Me he levantado ilusionado y con ganas de acometer mi segunda etapa, pero al ponerme los zapatos, cientos de chinchetas se clavaron en mis talones. Apreté los pies hacia adelante encogiendo los dedos y salí del hostal en busca de las flechas amarillas que me indicaran el camino.
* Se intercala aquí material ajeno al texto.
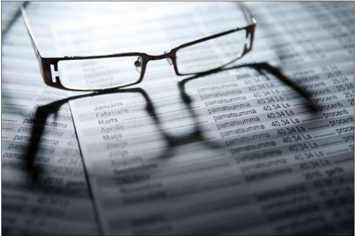
Pirms naudas aizņemšanās padziļināti izvērtējami dažādu finanšu iestāžu piedāvājumi. No interneta mājas lapām konkrētu skaidrību iegūt nav iespējams.

Patērētāju tiesību aizsardzības centrs (PTAC) norāda, ka šajā gadījumā līgumsods ir neproporcionāli augsts. PTAC, izvērtējot līgumu, atzītu, ka līguma noteikumi ir netaisnīgi un tie automātiski nebūtu spēkā. «Arī tad, ja lieta nonāk tiesā, tā parasti ņem vērā mūsu atzinumus,» klāsta PTAC Sabiedrisko attiecību un patērētāju infor-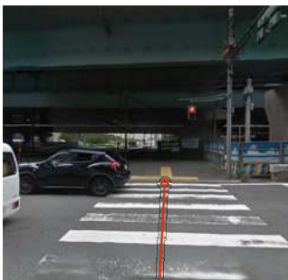
①「夢の島」の交差点を夢の島公園側に渡ります。

七大学若手会 SEVEN UNIVERSITIES JUNIOR ASSOCIATION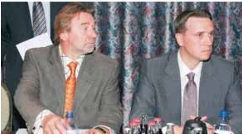
FYRSTA UPPGJÖR SAMEINADS FÉLAGS Straumi-Burðarási er spáð 4.351 milljóna króna hagnaði á þriðja árshluta.

Gengishagnaður spilar stórt hlutverk í uppgjöri félagsins.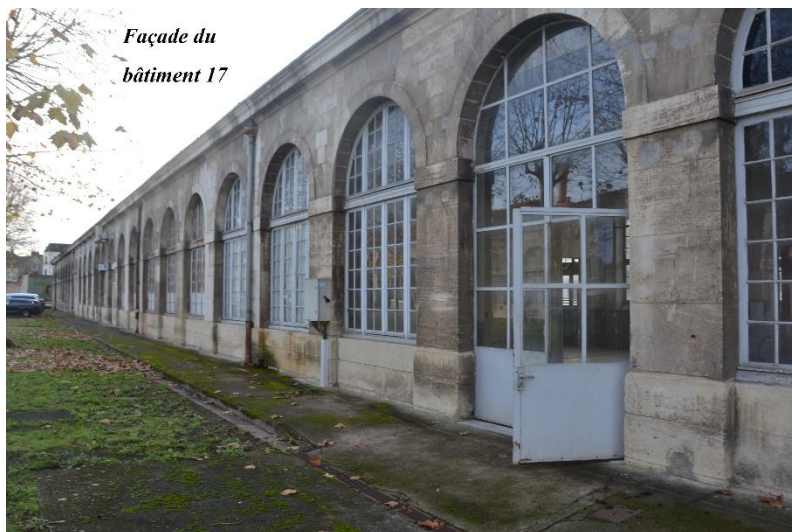
Façade du bâtiment 17

lancement du déménagement à la réalisation impérative d'un minimum de travaux préalables dans les bâtiments 011 et 017, afin d'assurer des conditions d'accueil appropriées, décentes et sécurisées.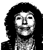
QUESTION A MONIQUE BYDLOWSKI PSYCHIATRE, PSYCHANALYSTE, CHERCHEUR A L'INSERM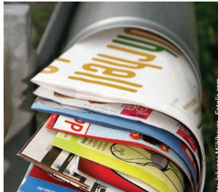
Oft im Briefkasten, weniger oft verständlich: Werbung

HD+ ist eine digitale Plattform der Privatsender RTL HD, Vox HD, Sat1 HD, Pro7 HD und Kabel1 HD, über die sie ihre hochauflösenden Programme senden. HD+ ist kostenpflichtig und deshalb verschlüsselt. Soweit der Fernseher nicht über eine CI+-Schnittstelle und einem CI+-Modul verfügt, wird für den Empfang ein digitaler Kabelreceiver mit dieser Ausstattung benötigt.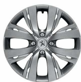
Capace roti 15" Chrome - (Active)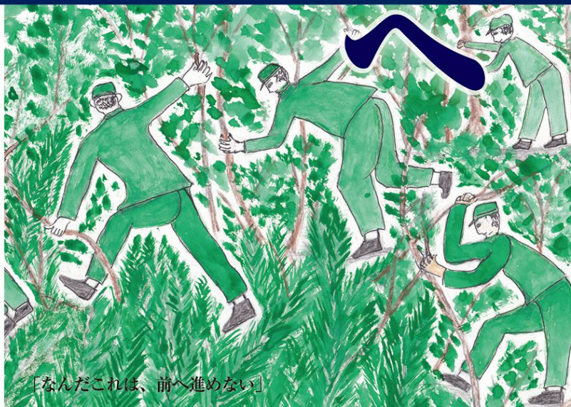
「なんだこれは、前へ進めない」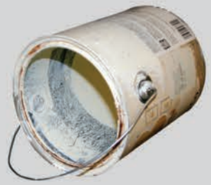
ກະບໍ່ອງສີ (ຝາເປີດອອກ, ແຫ້ງ ແລະ ເປົ່າ)

Dejé Medellín por el puente medieval y caminé hasta Yelbes por carretera. En el camino, una scooter paró a mi lado. El chico que la conducía, se ofreció a llevarme en ella hasta el pueblo. Decliné la invitación aunque mis pies me suplicaban hacer lo contrario. Crucé el pueblo. En los siguientes 14 kilómetros, anduve mendigando una sombra, pero ningún árbol quiso acercarse a mí. Tras una curva, casi ocultas por la maleza ribereña, las aguas del río Búrdalo, pasaban por encima del camino. Dejé la mochila en la orilla, me descalcé y metí los pies en el agua. Un leve ruido creció como un trueno. Un tractor se aproximaba por la orilla de enfrente cruzando el río en mi dirección. El conductor me invitó a subir al remolque y, yendo marcha atrás, me dejó en la otra orilla. Continué mi camino entre muchas hectáreas de tomatales recién sembradas.
Comí en San Pedro de Mérida en un bar de carretera. Cuándo terminé, con la dignidad que pude, me colgué la mochila. Después, en los 6 kilómetros que anduve junto a la autovía, las matemáticas jugaron un papel importante en el camino. Mi mente, para entretener mi cuerpo, jugaba con los números. Igual restaba los metros que avanzaba, de la distancia total que me quedaba, que sumaba los gramos que podían pesar cada una de las cosas que portaba y, de las que sin perjuicio para mi viaje ¿por qué no? podría deshacerme. Me sorprendió que ese pensamiento, fuera bálsamo y aliento para continuar.
Creo que cuando llegué a Trujillanos, pensaba en los milímetros que habría crecido cada ampolla, pero iba tan cansado, que no recuerdo bien. En el jardín del albergue, sentado en un amplio sillón a la sombra de una encina, un hombre corpulento con un pañuelo pirata a la cabeza, me miraba condescendiente.